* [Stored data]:

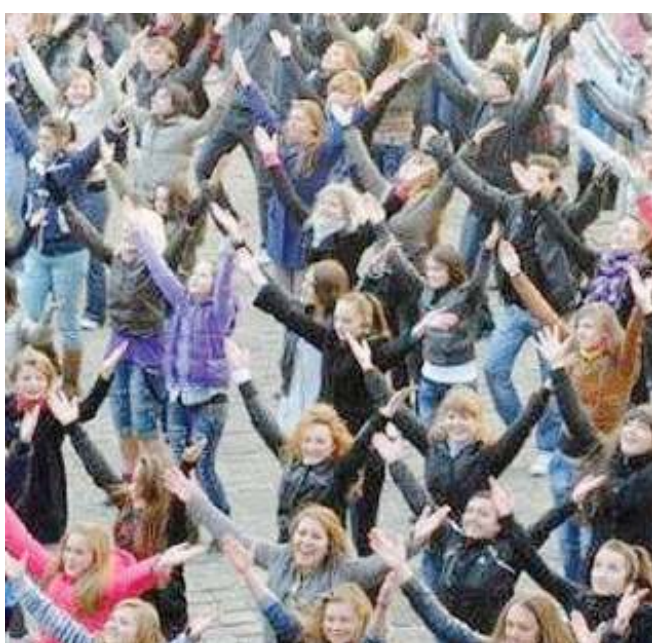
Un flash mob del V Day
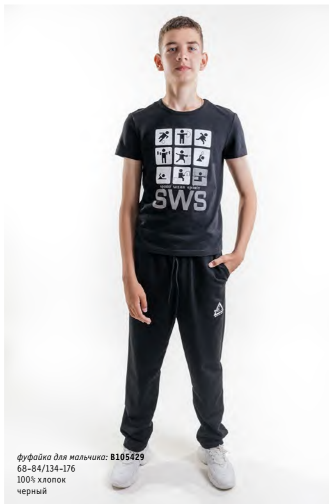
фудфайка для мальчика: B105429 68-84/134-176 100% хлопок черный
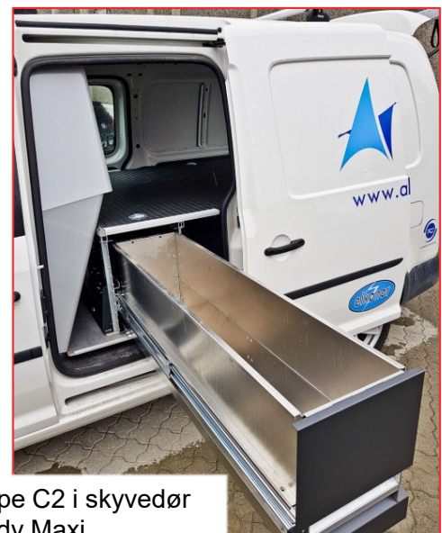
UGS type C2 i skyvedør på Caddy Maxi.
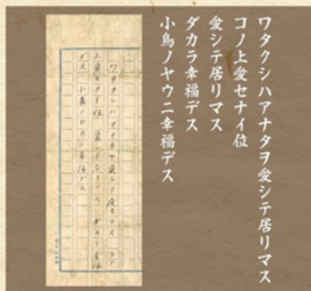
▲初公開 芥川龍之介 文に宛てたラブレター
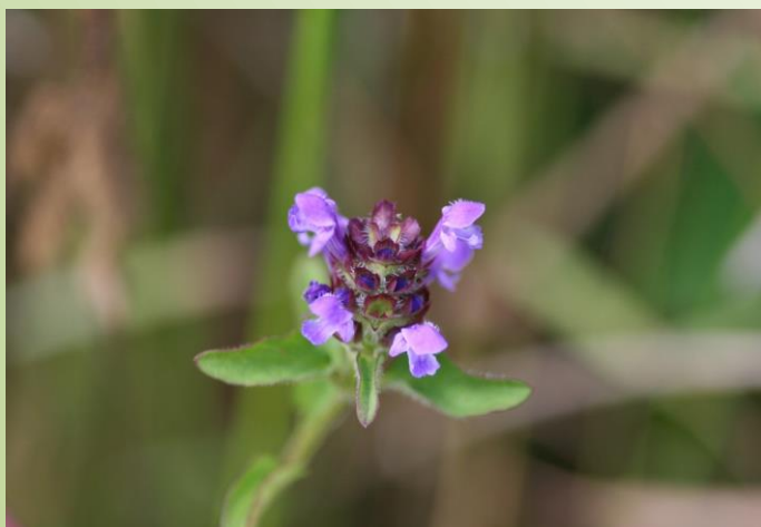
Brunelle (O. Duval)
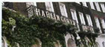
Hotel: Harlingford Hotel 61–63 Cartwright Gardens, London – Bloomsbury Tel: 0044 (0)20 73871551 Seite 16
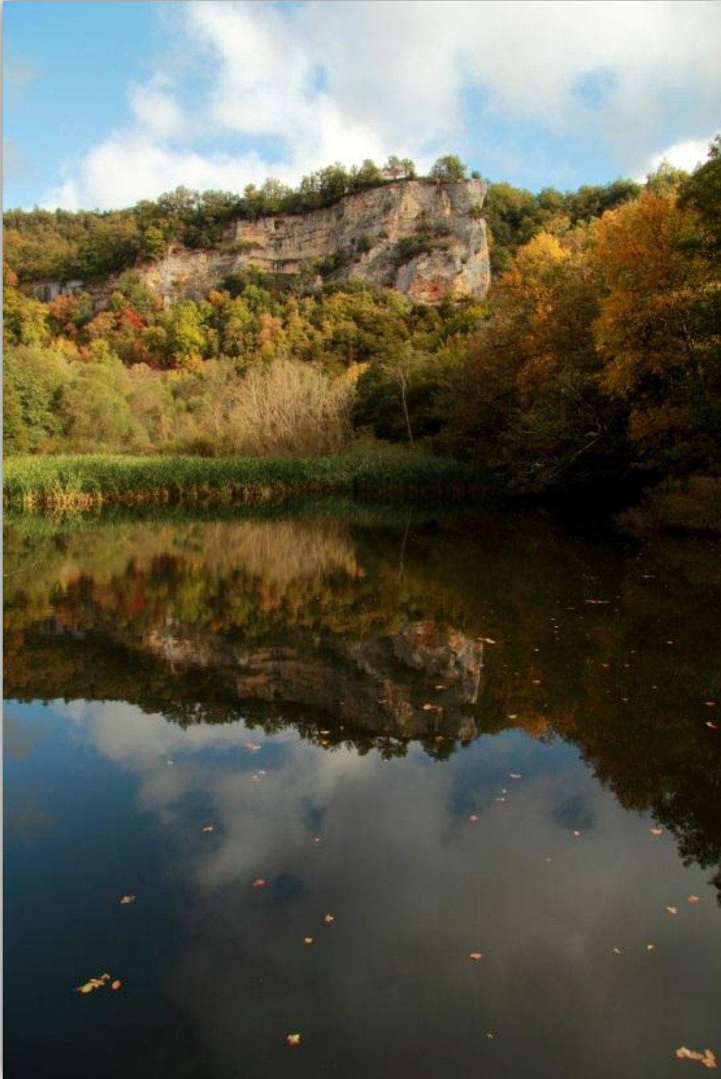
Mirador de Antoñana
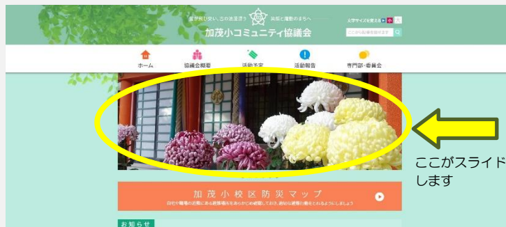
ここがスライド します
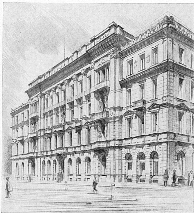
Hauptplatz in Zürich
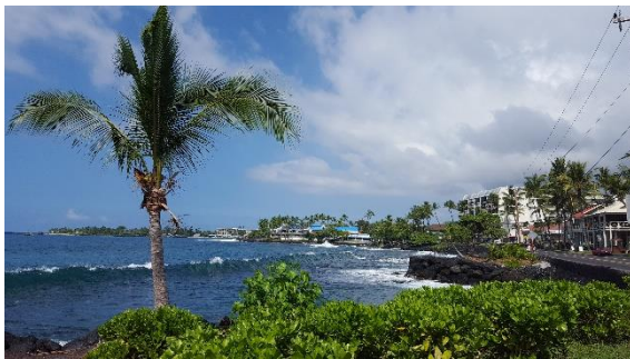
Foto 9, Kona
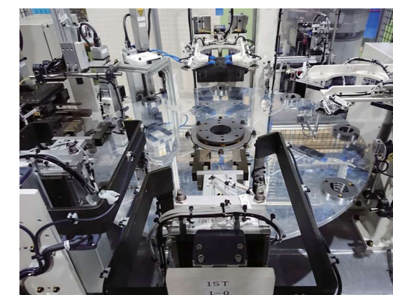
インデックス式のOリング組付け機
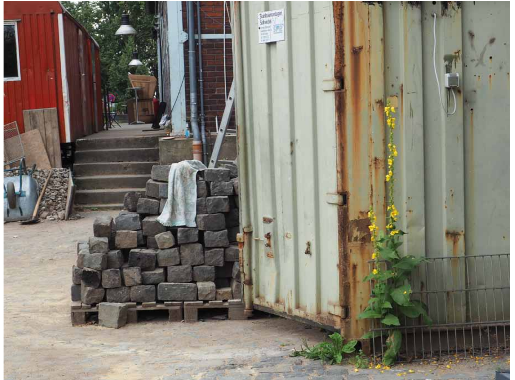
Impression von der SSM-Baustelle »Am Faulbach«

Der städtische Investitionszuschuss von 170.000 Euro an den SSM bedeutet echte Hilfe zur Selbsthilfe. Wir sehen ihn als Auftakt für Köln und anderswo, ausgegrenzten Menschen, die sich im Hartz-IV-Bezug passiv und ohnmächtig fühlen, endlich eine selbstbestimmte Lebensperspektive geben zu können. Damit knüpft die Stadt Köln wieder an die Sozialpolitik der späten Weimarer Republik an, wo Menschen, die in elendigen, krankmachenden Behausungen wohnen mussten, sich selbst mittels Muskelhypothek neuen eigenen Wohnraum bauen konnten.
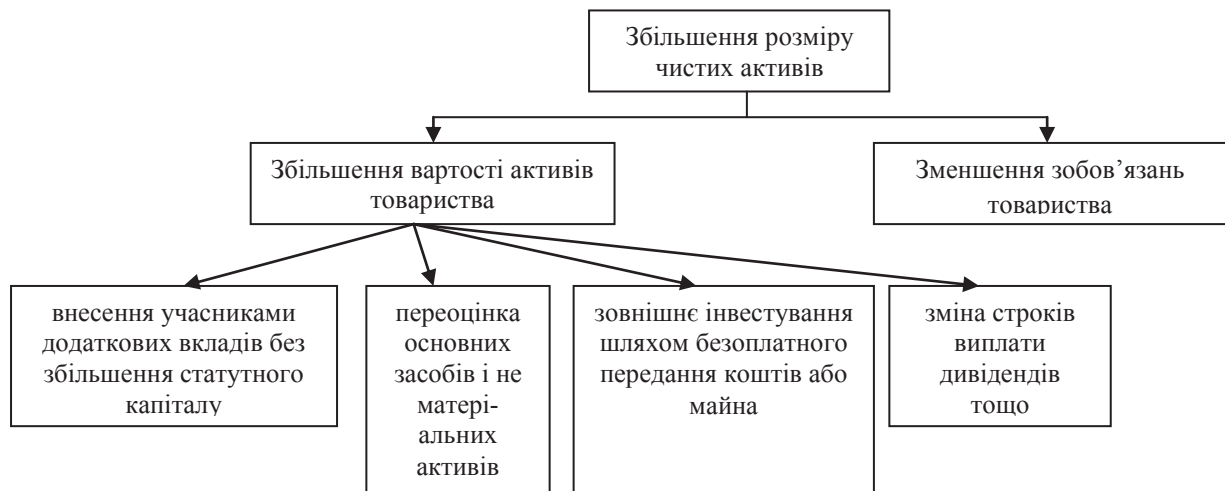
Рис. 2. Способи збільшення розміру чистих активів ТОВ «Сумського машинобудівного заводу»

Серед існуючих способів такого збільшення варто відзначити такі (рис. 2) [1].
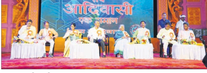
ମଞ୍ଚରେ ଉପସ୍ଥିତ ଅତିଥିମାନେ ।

* [ACTION ITEM]:
Down to the last line, set down the data above exactly, and omit all images.

* [RESULT FOR THIS TASK]:
Un flash mob del V Day
фудфайка для мальчика: B105429 68-84/134-176 100% хлопок черный
UGS type C2 i skyvedør på Caddy Maxi.
▲初公開 芥川龍之介 文に宛てたラブレター
Brunelle (O. Duval)
Hotel: Harlingford Hotel 61–63 Cartwright Gardens, London – Bloomsbury Tel: 0044 (0)20 73871551 Seite 16
Mirador de Antoñana
ここがスライド します
Hauptplatz in Zürich
Foto 9, Kona
インデックス式のOリング組付け機
Impression von der SSM-Baustelle »Am Faulbach«

Der städtische Investitionszuschuss von 170.000 Euro an den SSM bedeutet echte Hilfe zur Selbsthilfe. Wir sehen ihn als Auftakt für Köln und anderswo, ausgegrenzten Menschen, die sich im Hartz-IV-Bezug passiv und ohnmächtig fühlen, endlich eine selbstbestimmte Lebensperspektive geben zu können. Damit knüpft die Stadt Köln wieder an die Sozialpolitik der späten Weimarer Republik an, wo Menschen, die in elendigen, krankmachenden Behausungen wohnen mussten, sich selbst mittels Muskelhypothek neuen eigenen Wohnraum bauen konnten.
Рис. 2. Способи збільшення розміру чистих активів ТОВ «Сумського машинобудівного заводу»

Серед існуючих способів такого збільшення варто відзначити такі (рис. 2) [1].
ମଞ୍ଚରେ ଉପସ୍ଥିତ ଅତିଥିମାନେ ।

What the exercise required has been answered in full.